> TASK PROMPT
In the records below, find the line holding "WH (Heeres) mid-war-period- and/or" and the line holding "公司现有标准仓库6幢,筒仓1". Set down both, with every line between them, exactly.

> DATA FOR THIS TASK
======
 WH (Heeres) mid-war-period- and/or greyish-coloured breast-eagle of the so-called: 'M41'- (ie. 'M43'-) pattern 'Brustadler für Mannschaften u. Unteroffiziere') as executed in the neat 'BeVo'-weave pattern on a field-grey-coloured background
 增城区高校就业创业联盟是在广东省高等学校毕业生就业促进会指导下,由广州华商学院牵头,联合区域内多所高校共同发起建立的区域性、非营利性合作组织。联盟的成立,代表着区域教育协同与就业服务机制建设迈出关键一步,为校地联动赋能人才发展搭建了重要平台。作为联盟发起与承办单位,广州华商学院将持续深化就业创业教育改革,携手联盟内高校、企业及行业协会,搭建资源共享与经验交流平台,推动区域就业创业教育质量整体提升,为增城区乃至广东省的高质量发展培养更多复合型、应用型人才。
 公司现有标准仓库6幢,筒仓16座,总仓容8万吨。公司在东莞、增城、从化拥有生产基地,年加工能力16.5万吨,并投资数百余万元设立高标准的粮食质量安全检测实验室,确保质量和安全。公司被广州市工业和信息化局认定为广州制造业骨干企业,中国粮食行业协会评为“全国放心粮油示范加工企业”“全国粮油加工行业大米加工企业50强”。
======
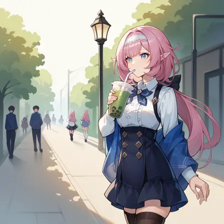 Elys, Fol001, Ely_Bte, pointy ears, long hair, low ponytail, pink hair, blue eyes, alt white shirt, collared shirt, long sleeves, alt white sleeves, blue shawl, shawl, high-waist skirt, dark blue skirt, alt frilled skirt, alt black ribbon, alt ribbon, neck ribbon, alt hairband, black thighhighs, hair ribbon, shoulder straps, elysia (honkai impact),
======
> ANSWER
 WH (Heeres) mid-war-period- and/or greyish-coloured breast-eagle of the so-called: 'M41'- (ie. 'M43'-) pattern 'Brustadler für Mannschaften u. Unteroffiziere') as executed in the neat 'BeVo'-weave pattern on a field-grey-coloured background
 增城区高校就业创业联盟是在广东省高等学校毕业生就业促进会指导下,由广州华商学院牵头,联合区域内多所高校共同发起建立的区域性、非营利性合作组织。联盟的成立,代表着区域教育协同与就业服务机制建设迈出关键一步,为校地联动赋能人才发展搭建了重要平台。作为联盟发起与承办单位,广州华商学院将持续深化就业创业教育改革,携手联盟内高校、企业及行业协会,搭建资源共享与经验交流平台,推动区域就业创业教育质量整体提升,为增城区乃至广东省的高质量发展培养更多复合型、应用型人才。
 公司现有标准仓库6幢,筒仓16座,总仓容8万吨。公司在东莞、增城、从化拥有生产基地,年加工能力16.5万吨,并投资数百余万元设立高标准的粮食质量安全检测实验室,确保质量和安全。公司被广州市工业和信息化局认定为广州制造业骨干企业,中国粮食行业协会评为“全国放心粮油示范加工企业”“全国粮油加工行业大米加工企业50强”。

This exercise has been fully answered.